The major luxury groups are pursuing a range of strategies. Brands like Dior and Chanel have focused on fragrance and accessories. While among the leather goods mega-brands, Prada and Gucci continue to nurture their strong ready-to-wear DNA. On the whole, LVMH and Richemont appear to see their smaller fashion brands as future prospects rather than near-term stars. Richemont has increased its fashion presence through pure play e-tailer Net-a-Porter, but less than five percent of the group's revenues come from ready-to-wear. Céline is a good example of a smaller LVMH brand coming of age, though most of its recent commercial success has come from leather goods. Kering, on the other hand, has had greater success with its ready-to-wear brands, notably Stella McCartney and Alexander McQueen, yet Exane BNP Paribas estimates that these brands generate combined sales, in both apparel and accessories, totalling only about five percent of Kering's overall luxury sales.

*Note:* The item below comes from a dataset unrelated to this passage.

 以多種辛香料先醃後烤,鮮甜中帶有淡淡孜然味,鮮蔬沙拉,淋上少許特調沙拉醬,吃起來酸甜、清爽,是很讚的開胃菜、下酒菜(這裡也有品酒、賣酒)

Critically, the large European players have largely failed to tap the space between mass fashion retail brands and ready-to-wear brands that has been so effectively tapped by 'accessible luxury' juggernauts like Michael Kors and Tory Burch, as well as mid-priced specialists like Isabel Marant, Sandro, Maje, The Kooples, Patrizia Pepe, Pinko and Liu Jo. It is interesting to note that private equity funds — like KKR and L Capital — are investing in mid-priced fashion brands that are proving capable of direct retail expansion.

LVMH could bring Marc Jacobs and DKNY to the game and focus these brands in the mid-price space. But this does not seem to be a major priority for the group, as it appears to be concentrating its activity on its core brands and the higher end. Prada could also look to extend its reach by positioning Miu Miu at a lower price point, but this is certainly not on the agenda at the moment. On the contrary, Prada is taking Miu Miu in the exactly opposite direction, putting the brand on the same level as Prada. Balenciaga, which is going through a period of change under Alexander Wang, seems the next brand to watch at Kering, while Kenzo — for many years, a thorn in the side of LVMH — is seemingly getting new traction with a more mid-priced offering.

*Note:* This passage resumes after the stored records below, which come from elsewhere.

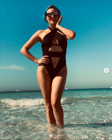 Исполнительница примерила цельный черный купальник оригинального кроя - с откровенными вырезами в районе груди и живота.
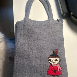 Röd och vit randig tygväska med handtag. Väskan har en etikett från Polarn O. Pyret.Storlek 30*26cm
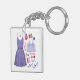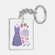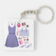 Ajoutez une touche de glamour à vos clés ou à votre sac à main avec ce porte-clés élégant de la collection de mode violette. Cet accessoire mignon met en vedette une illustration de haute qualité d'une robe à pois lavande, d'un collier en forme de cœur et d'icônes de beauté dans un design moderne à plat. Les tons magenta et violet vif facilitent sa recherche dans votre sac tout en montrant votre amour pour tout ce qui est tendance. C'est un petit cadeau parfait pour les demoiselles d'honneur, les cadeaux de fête d'anniversaire ou une gâterie pour toute fashionista qui aime les accessoires coordonnés.

But the bottom line is: there is no obvious winning strategy to make designer ready-to-wear work. Designer ready-to-wear brands run the risk of becoming commercially irrelevant or losing their magic, while the accessible luxury space looks promising and open. But moving into this space means brands must become retailers, a major weakness of Italian and American designer ready-to-wear labels, which have largely focused on wholesale and not developed internal retail capabilities, running their few direct-to-consumer stores as flagships: beautiful brand “cathedrals,” which are, alas, often deeply loss making.

Luca Solca is the head of luxury goods at BNP Exane Paribas.